▶ ACTION ITEM
Skip the pictures, and retype the data below in full, exactly.

▶ DATASET CONTENT

————————

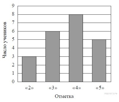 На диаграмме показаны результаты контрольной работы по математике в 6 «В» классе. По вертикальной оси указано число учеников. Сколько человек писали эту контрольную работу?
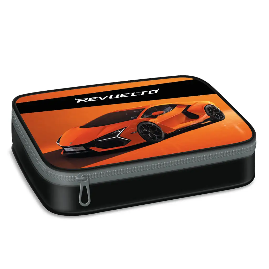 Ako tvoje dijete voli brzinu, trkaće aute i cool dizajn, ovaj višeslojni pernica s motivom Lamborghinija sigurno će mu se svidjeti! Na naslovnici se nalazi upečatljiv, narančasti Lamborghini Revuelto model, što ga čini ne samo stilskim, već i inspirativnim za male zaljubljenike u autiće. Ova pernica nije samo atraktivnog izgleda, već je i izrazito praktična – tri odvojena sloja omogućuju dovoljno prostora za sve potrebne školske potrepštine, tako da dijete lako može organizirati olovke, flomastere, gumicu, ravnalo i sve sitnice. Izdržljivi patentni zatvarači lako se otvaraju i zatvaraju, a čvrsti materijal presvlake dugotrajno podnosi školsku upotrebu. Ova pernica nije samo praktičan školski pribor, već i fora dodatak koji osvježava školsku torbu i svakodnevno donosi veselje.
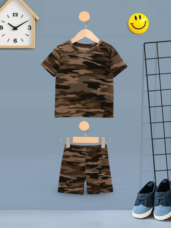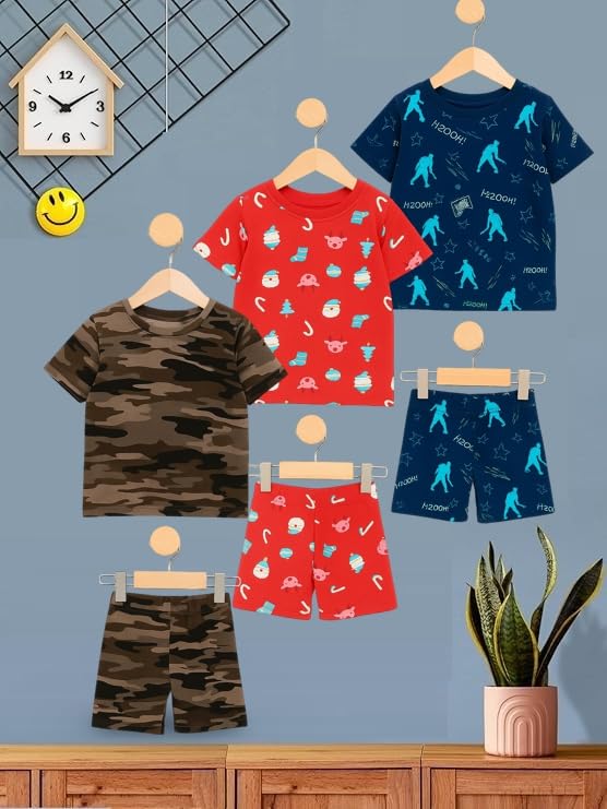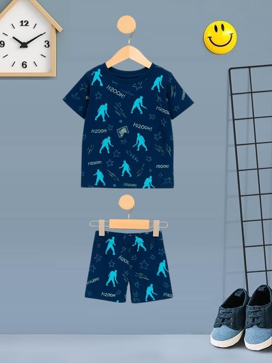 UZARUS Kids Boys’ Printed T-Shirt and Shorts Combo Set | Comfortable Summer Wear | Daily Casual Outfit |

————————

▶ TASK OUTPUT
 На диаграмме показаны результаты контрольной работы по математике в 6 «В» классе. По вертикальной оси указано число учеников. Сколько человек писали эту контрольную работу?
 Ako tvoje dijete voli brzinu, trkaće aute i cool dizajn, ovaj višeslojni pernica s motivom Lamborghinija sigurno će mu se svidjeti! Na naslovnici se nalazi upečatljiv, narančasti Lamborghini Revuelto model, što ga čini ne samo stilskim, već i inspirativnim za male zaljubljenike u autiće. Ova pernica nije samo atraktivnog izgleda, već je i izrazito praktična – tri odvojena sloja omogućuju dovoljno prostora za sve potrebne školske potrepštine, tako da dijete lako može organizirati olovke, flomastere, gumicu, ravnalo i sve sitnice. Izdržljivi patentni zatvarači lako se otvaraju i zatvaraju, a čvrsti materijal presvlake dugotrajno podnosi školsku upotrebu. Ova pernica nije samo praktičan školski pribor, već i fora dodatak koji osvježava školsku torbu i svakodnevno donosi veselje.
 UZARUS Kids Boys’ Printed T-Shirt and Shorts Combo Set | Comfortable Summer Wear | Daily Casual Outfit |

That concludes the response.